Equation Eq. 1* and Eq. 2 are different formulae for different systems; Eq. 1 gives potential energy of arrangement of point particles and cannot be applied to continuous charge distribution. Eq. 2 gives potential energy for non-singular charge distribution and cannot be applied to point charges. These are mathematically two different cases, there is no "one is more general than the other".
 
  • #8
vanhees71 said:
Unfortunately that's not the end of our trouble! Your particle 1 will be accelerated, because the force (7) is acting on it. As is well known, according to Maxwell electromagnetics, an accelerated charge radiates off electromagnetic waves that carry energy and momentum, and due to the conservation of total energy and momentum this must somehow react back on the particle.

Only in macroscopic theory, where the Poynting expressions for energy can be derived for finite source densities. For point particles, the derivation of the Poynting theorem is invalid and the theorem is not valid either - some terms are infinite, some are meaningless.

Alternatively to the resolution with extended particles you mention, one can stick with point particles, consider only action of one particle on another and discard self-interaction. Then accelerated charged point particle is associated with EM radiation, but not necessarily with positive EM energy, for the EM energy is not given by integral of ##E^2## but by integral of sums of products of fields ##\mathbf E_a \cdot \mathbf E_b + \mathbf B_a \cdot \mathbf B_b## where ##a## is different from ##b##. Check out these papers:

J. Frenkel, Zur Elektrodynamik punktf¨ ormiger Elektronen, Zeits. f. Phys., 32, (1925), p. 518-534.
http://dx.doi.org/10.1007/BF01331692

J. A. Wheeler, R. P. Feynman, Classical Electrodynamics in Terms of Direct
Interparticle Interaction, Rev. Mod. Phys., 21, 3, (1949), p. 425-433.
http://dx.doi.org/10.1103/RevModPhys.21.425

In addition to non-presence of self-interaction, these assumed half-advanced, half-retarded fields and other conditions (Feynman and Wheeler assumed the absorber condition), but this is not necessary. The theory of point particles without self-force seems to work well whether one takes retarded or other solutions to the Maxwell equations - which one is best for microscopic theory is another question.
 

What is the concept of "energy of charge distributions"?

The energy of charge distributions refers to the potential energy of a system of charged particles, which is determined by the arrangement of the charges and their distances from each other.

How is the energy of charge distributions calculated?

The energy of charge distributions can be calculated using two different equations: Coulomb's law and the electric potential energy equation. Coulomb's law uses the distance between charges and the strength of the charges, while the electric potential energy equation uses the electric potential and the charge of the particles.

What is the advantage of using Coulomb's law to calculate energy of charge distributions?

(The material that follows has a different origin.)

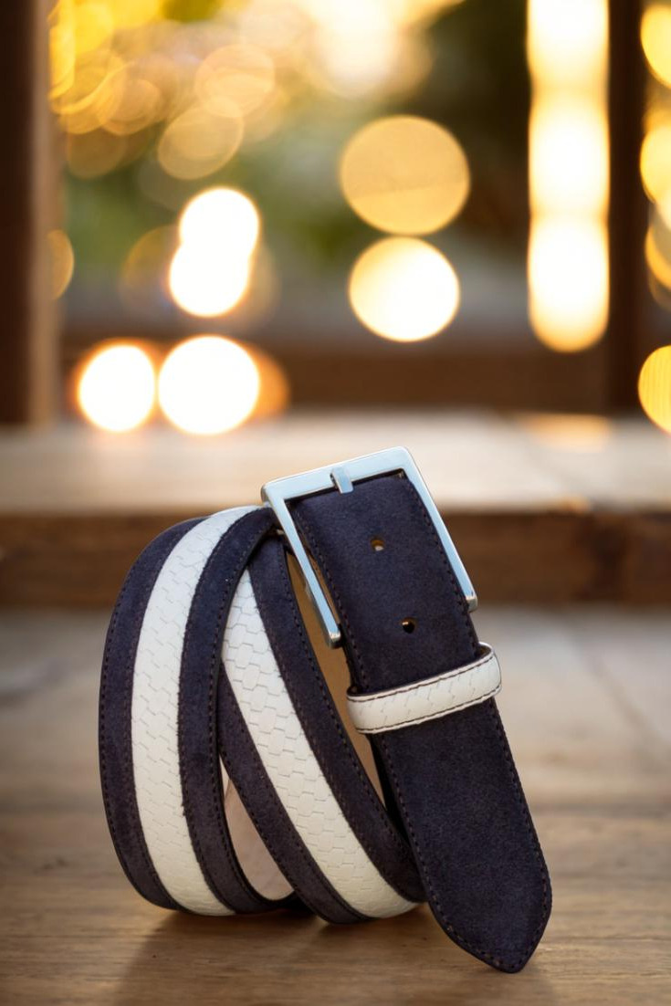 Featuring a sleek and modern design, The Delaware Place Belt No. 3426 is the perfect addition to any outfit. The front is made with luxurious navy blue luxe suede, while the center boasts a striking white braided box calf. The combination of these two materials adds texture and depth to the belt, making it a truly unique piece.

The main advantage of using Coulomb's law is that it takes into account the distance between charges, which can greatly impact the energy of the system. It also allows for the calculation of the energy for individual charged particles.

What is the advantage of using the electric potential energy equation to calculate energy of charge distributions?

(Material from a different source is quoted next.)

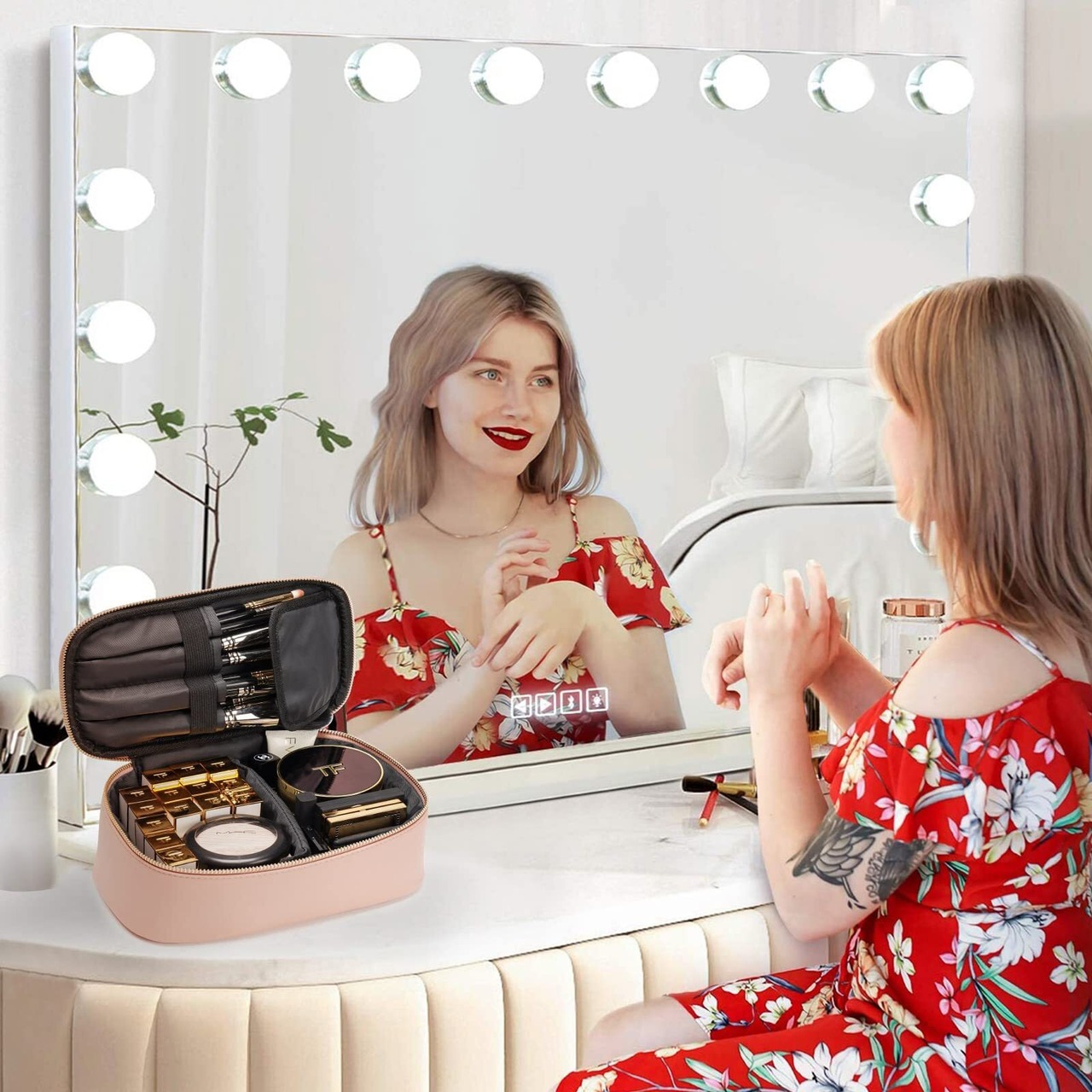 23 x 13 x 9.5 cmのパーフェクトサイズ、バッグ全身はスポンジを入られて、あなたの大事な化粧品をちゃんと守る。デザインから品質まで完璧な物です。プレゼント最適。

The advantage of using the electric potential energy equation is that it takes into account the electric potential, which is a scalar quantity and does not depend on the direction of the electric field. This can make calculations simpler and more efficient.

Which equation is more commonly used to calculate energy of charge distributions?

Both equations are commonly used, but Coulomb's law is typically used when calculating the energy of a system of charged particles, while the electric potential energy equation is used when calculating the energy of a single charged particle in an electric field.